Filter Policies
The types of sensitive information identified by Airlock and how that information is de-identified are controlled through policies. A policy is a file stored under Airlock’s policies
directory, which by default is located at /opt/airlock/policies/
. You can have an unlimited number of policies.
Each policy has a name
that is used by Airlock to apply the appropriate de-identification methods. The name
is passed to Airlock’s API along with the text to be filtered when submitting text to Airlock. This provides flexibility and allows you to de-identify different types of documents in differing manners with a single instance of Airlock. For example, you may have a policy for bankruptcy documents and a separate policy for financial documents.
There are sample policies available for immediate use or customization to fit your use-cases.
The Structure of a Policy
A policy:
- Must have a
name
that uniquely identifies it. - Must have a list of
identifiers
that are filters for sensitive information.- Each
identifier
, or filter, can have zero or more filter strategies. A filter strategy tells Airlock how to manipulate that type of sensitive information when it is identified.
- Each
- Can have an optional list of terms or patterns to ignore.
- Can have encryption keys to support encryption of sensitive information.
An Example Policy
The following is an example policy. In the example below you can see the types of sensitive information that are enabled and the strategy for manipulating each type when found. This policy identifies email addresses and phone numbers and redacts each with the format given.
{
"name": "email-and-phone-numbers",
"identifiers": {
"emailAddress": {
"emailAddressFilterStrategies": [
{
"strategy": "REDACT",
"redactionFormat": "{{{REDACTED-%t}}}"
}
]
},
"phoneNumber": {
"phoneNumberFilterStrategies": [
{
"strategy": "REDACT",
"redactionFormat": "{{{REDACTED-%t}}}"
}
]
}
}
}
When an email address is identified by this policy, the email address is replaced with the text {{{REDACTED-email-address}}}
. The %t
gets replaced by the type of the filter. Likewise, when a phone number is found it is replaced with the text {{{REDACTED-phone-number}}}
. You are free to change the redaction formats to whatever fits your use-case. See Filter Strategies for all replacement options.
The name of the policy is email-and-phone-numbers
. Policies can be named anything you like but their names must be unique from all other policies. As a best practice, the policy should be saved as [name].json
, e.g. email-and-phone-numbers.json
.
Applying a Policy to Text
To use this policy we will save it as /opt/airlock/profiles/email-and-phone-numbers.json
. We must restart Airlock for the new profile to be available for use. To apply the policy we will pass the policy's name to Airlock when making a filter request, as shown in the example request below.
curl -k -X POST "https://localhost:8080/api/filter?c=context&p=email-and-phone-numbers" \
-d @file.txt -H Content-Type "text/plain"
In this command, we have provided the parameter p
along with a value that is the name of the policy we want to use for this request.
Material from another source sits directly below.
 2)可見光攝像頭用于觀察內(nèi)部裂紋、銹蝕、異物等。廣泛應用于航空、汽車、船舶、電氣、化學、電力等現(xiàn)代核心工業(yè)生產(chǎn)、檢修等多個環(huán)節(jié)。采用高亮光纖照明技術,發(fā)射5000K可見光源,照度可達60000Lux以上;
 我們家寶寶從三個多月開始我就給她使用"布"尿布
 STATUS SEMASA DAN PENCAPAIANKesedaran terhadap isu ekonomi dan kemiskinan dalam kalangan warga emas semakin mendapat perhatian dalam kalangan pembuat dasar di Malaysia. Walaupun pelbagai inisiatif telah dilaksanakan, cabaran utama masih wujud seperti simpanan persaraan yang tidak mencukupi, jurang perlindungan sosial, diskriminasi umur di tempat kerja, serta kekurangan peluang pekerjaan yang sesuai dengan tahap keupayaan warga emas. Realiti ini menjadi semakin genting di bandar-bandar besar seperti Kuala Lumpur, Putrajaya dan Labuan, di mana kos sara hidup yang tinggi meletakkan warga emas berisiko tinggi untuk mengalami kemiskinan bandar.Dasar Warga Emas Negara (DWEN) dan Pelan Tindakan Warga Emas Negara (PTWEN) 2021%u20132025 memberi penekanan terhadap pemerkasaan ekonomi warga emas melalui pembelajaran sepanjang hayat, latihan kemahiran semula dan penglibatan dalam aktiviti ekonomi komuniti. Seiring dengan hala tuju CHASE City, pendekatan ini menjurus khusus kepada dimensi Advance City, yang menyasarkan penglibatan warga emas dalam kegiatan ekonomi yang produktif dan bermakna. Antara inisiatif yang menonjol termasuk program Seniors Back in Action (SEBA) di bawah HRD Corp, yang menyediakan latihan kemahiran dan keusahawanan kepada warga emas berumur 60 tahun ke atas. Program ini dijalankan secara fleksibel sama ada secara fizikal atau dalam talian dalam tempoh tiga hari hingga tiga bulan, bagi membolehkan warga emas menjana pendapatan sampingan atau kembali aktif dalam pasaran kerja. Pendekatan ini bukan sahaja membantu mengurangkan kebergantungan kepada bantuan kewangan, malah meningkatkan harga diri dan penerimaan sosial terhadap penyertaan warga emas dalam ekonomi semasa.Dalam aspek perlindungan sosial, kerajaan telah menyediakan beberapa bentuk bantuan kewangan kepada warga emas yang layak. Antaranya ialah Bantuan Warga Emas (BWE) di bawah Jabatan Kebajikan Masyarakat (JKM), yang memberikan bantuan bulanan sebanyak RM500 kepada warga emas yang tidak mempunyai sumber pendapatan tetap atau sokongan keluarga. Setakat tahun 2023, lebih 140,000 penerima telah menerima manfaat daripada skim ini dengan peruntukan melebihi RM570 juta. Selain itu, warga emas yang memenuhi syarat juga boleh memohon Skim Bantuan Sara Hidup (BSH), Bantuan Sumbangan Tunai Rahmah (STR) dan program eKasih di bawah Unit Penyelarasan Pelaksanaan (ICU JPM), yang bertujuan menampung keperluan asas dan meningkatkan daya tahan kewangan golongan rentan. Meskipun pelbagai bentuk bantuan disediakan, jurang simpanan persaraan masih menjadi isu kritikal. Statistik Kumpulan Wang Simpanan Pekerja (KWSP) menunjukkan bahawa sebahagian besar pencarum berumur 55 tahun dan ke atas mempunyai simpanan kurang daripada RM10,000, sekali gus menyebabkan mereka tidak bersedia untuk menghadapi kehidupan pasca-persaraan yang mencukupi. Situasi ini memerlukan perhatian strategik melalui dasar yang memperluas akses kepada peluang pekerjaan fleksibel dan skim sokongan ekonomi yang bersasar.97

If we had multiple policies in Airlock we could choose a different policy for this request simply by changing the name given to the parameter p
. For more details see Airlock’s API.
Airlock will process the contents of file.txt
by applying the policy named email-and-phone-numbers
. As we saw in the policy above, this policy redacts email addresses and phone numbers. Airlock will return the redacted text in response to the API call.
To manipulate the sensitive information by methods other than redaction, see the Filter Strategies.